TASK DESCRIPTION – Leaving the pictures aside, restate all of the data exactly.

##### INPUT #####

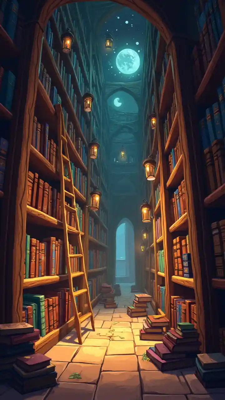 Un pasillo mágico de la biblioteca lleno de estanterías altas de madera que llegan al techo, con una clásica escalera rodante unida a los estantes. Luz suave y cálida, ambiente acogedor y misterioso. Detalles ricos, partículas brillantes en el aire, estilo de dibujos animados caprichoso y encantador. Ilustración de fantasía 2D estilizada, con texturas intrincadas, entorno inmersivo, sin personajes. → Ajuste la composición para que la escalera rodante clásica esté unida a las estanterías en el costado, no en el centro del pasillo. Agregue más elementos mágicos como partículas flotantes brillantes, libros encantados con auras suaves y destellos sutiles. Haga que el estilo sea más caprichoso y caricaturesco, con una atmósfera de libro de cuentos de fantasía cálida y encantadora. Mantenga la iluminación acogedora y las texturas detalladas. No hay personajes, sólo el medio ambiente.
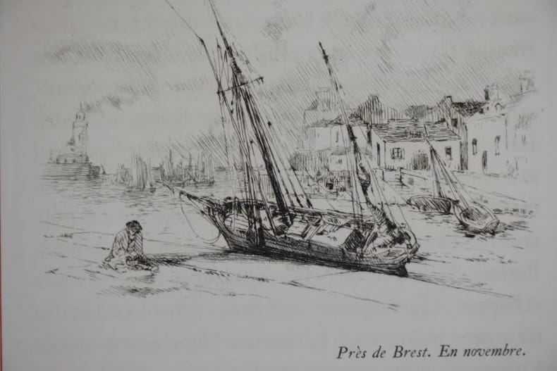 Paris, Les Éditions d'Art Devambez, 1927. In-4 (312 x 249 mm), (3) ff. blancs, (4) ff. : faux-titre, frontispice, titre, titre intermédiaire, VIII-(2)-159-(3) pp., (3) ff. blancs, 25 eaux-fortes originales sous serpentes gravées par A. Brouet dont le frontispice et 10 en pleine page. Joint : bi-feuillet de couvertures et dos. En feuilles sous chemise rempliées, vignette n/b sur première de couverture, chemise cartonnée (rigide) et étui, 1 tache dans la marge d'un feuillet (décharge), dos de la chemise cartonnée insolé, étui frotté, coins ouverts (étui). Tirage à 201 + XX exemplaires numérotés, ici le n° 180, 1 des 140 exemplaires sur vélin d'Arches à la forme filigrané spécialement pour cette édition contenant l'état définitif des eaux-fortes, numérotés de 61 à 200. Bel exemplaire.
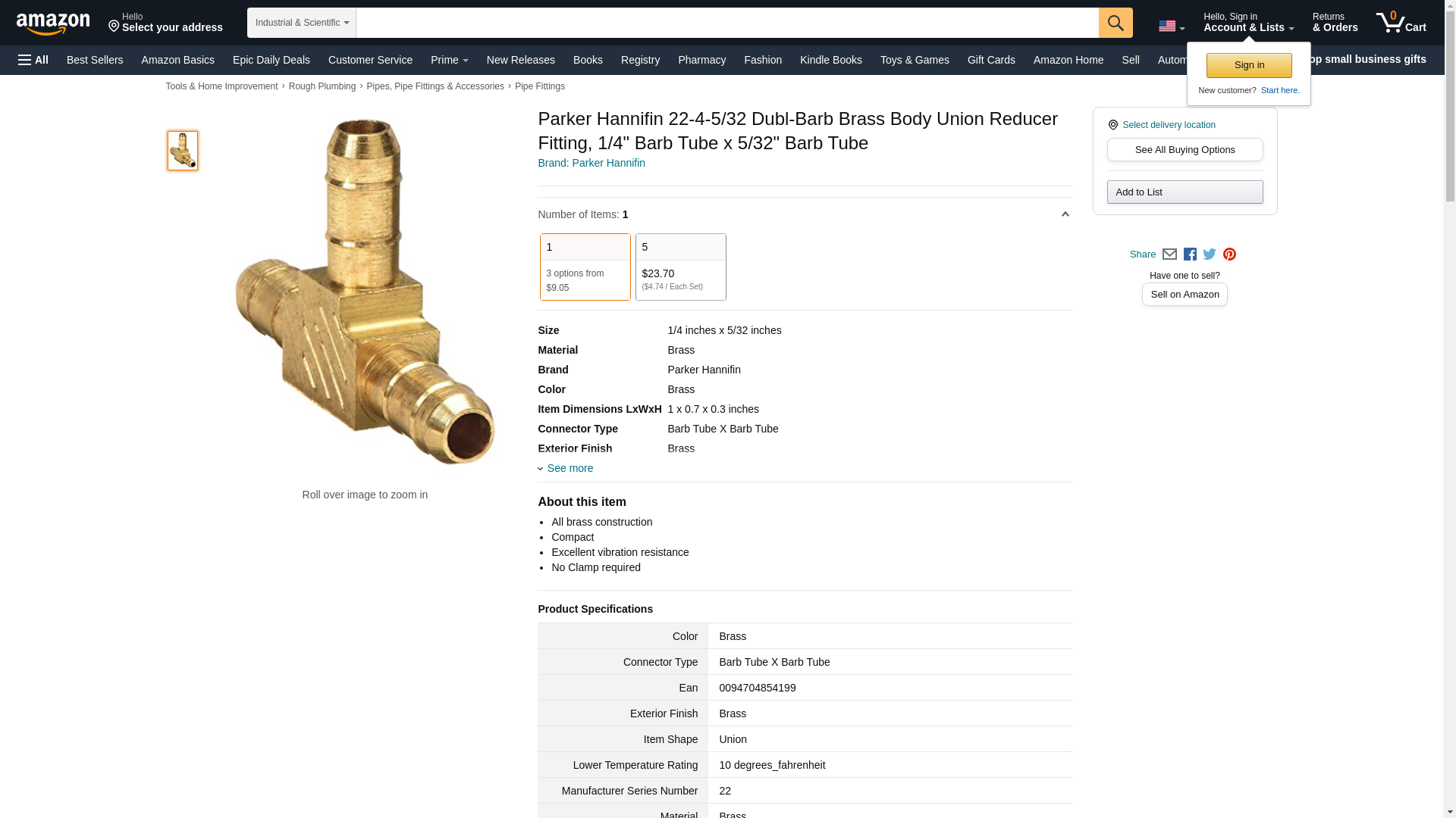 Parker Hannifin 22-4-5/32 Dubl-Barb Brass Body Union Reducer Fitting, 1/4" Barb Tube x 5/32" Barb Tube
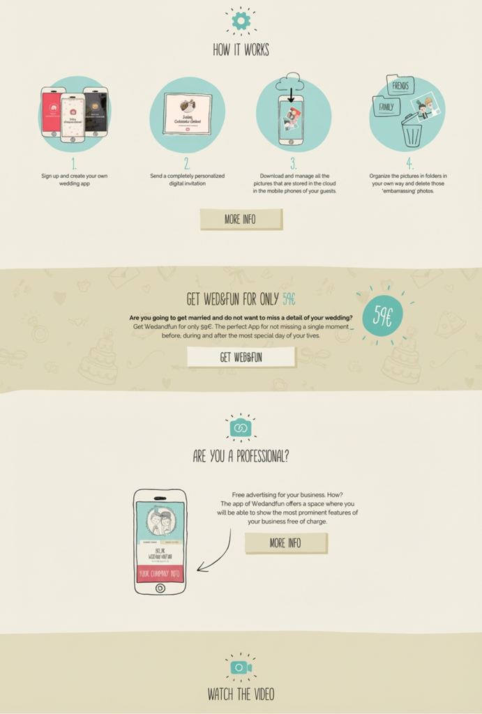 Wed&Fun és una aplicació dissenyada perquè els convidats d’un casament comparteixin les seves fotografies amb els nuvis, capturant moments únics des del punt de vista de cada assistent.
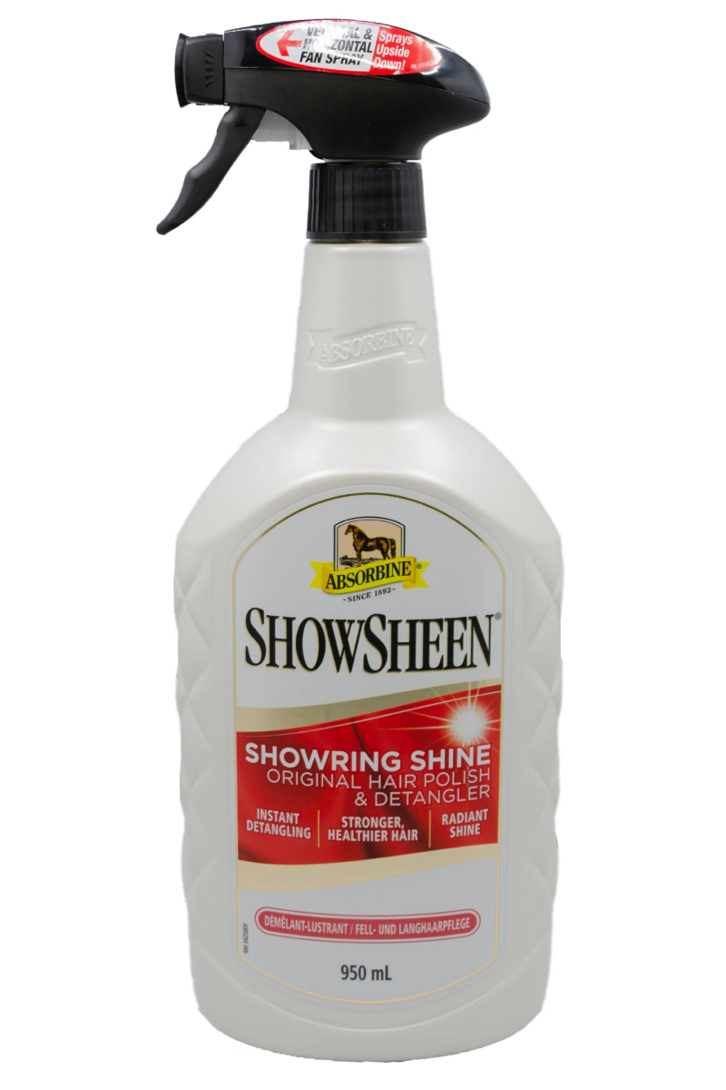 Absorbine Showsheen Showring Shine gjør hestens man, hale og pels skinnende og flokefri!
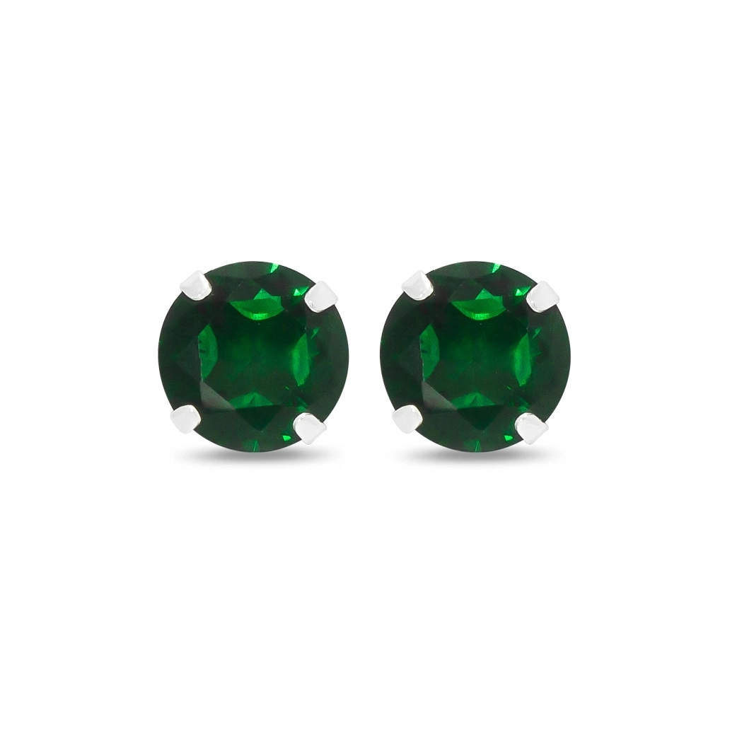Brinco top com zircônia esmeralda em formato redondo.
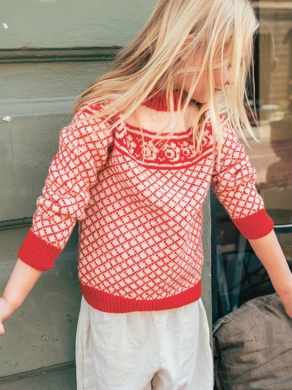 Blome genser junior er en skatt fra arkivet, strikket i Tynn Peer Gynt. En klassisk rundfelt genser med rutemønster i 2 farger – tidløs strikk til små eventyrere.

#####

ANSWER TO THIS PROBLEM –
 Un pasillo mágico de la biblioteca lleno de estanterías altas de madera que llegan al techo, con una clásica escalera rodante unida a los estantes. Luz suave y cálida, ambiente acogedor y misterioso. Detalles ricos, partículas brillantes en el aire, estilo de dibujos animados caprichoso y encantador. Ilustración de fantasía 2D estilizada, con texturas intrincadas, entorno inmersivo, sin personajes. → Ajuste la composición para que la escalera rodante clásica esté unida a las estanterías en el costado, no en el centro del pasillo. Agregue más elementos mágicos como partículas flotantes brillantes, libros encantados con auras suaves y destellos sutiles. Haga que el estilo sea más caprichoso y caricaturesco, con una atmósfera de libro de cuentos de fantasía cálida y encantadora. Mantenga la iluminación acogedora y las texturas detalladas. No hay personajes, sólo el medio ambiente.
 Paris, Les Éditions d'Art Devambez, 1927. In-4 (312 x 249 mm), (3) ff. blancs, (4) ff. : faux-titre, frontispice, titre, titre intermédiaire, VIII-(2)-159-(3) pp., (3) ff. blancs, 25 eaux-fortes originales sous serpentes gravées par A. Brouet dont le frontispice et 10 en pleine page. Joint : bi-feuillet de couvertures et dos. En feuilles sous chemise rempliées, vignette n/b sur première de couverture, chemise cartonnée (rigide) et étui, 1 tache dans la marge d'un feuillet (décharge), dos de la chemise cartonnée insolé, étui frotté, coins ouverts (étui). Tirage à 201 + XX exemplaires numérotés, ici le n° 180, 1 des 140 exemplaires sur vélin d'Arches à la forme filigrané spécialement pour cette édition contenant l'état définitif des eaux-fortes, numérotés de 61 à 200. Bel exemplaire.
 Parker Hannifin 22-4-5/32 Dubl-Barb Brass Body Union Reducer Fitting, 1/4" Barb Tube x 5/32" Barb Tube
 Wed&Fun és una aplicació dissenyada perquè els convidats d’un casament comparteixin les seves fotografies amb els nuvis, capturant moments únics des del punt de vista de cada assistent.
 Absorbine Showsheen Showring Shine gjør hestens man, hale og pels skinnende og flokefri!
Brinco top com zircônia esmeralda em formato redondo.
 Blome genser junior er en skatt fra arkivet, strikket i Tynn Peer Gynt. En klassisk rundfelt genser med rutemønster i 2 farger – tidløs strikk til små eventyrere.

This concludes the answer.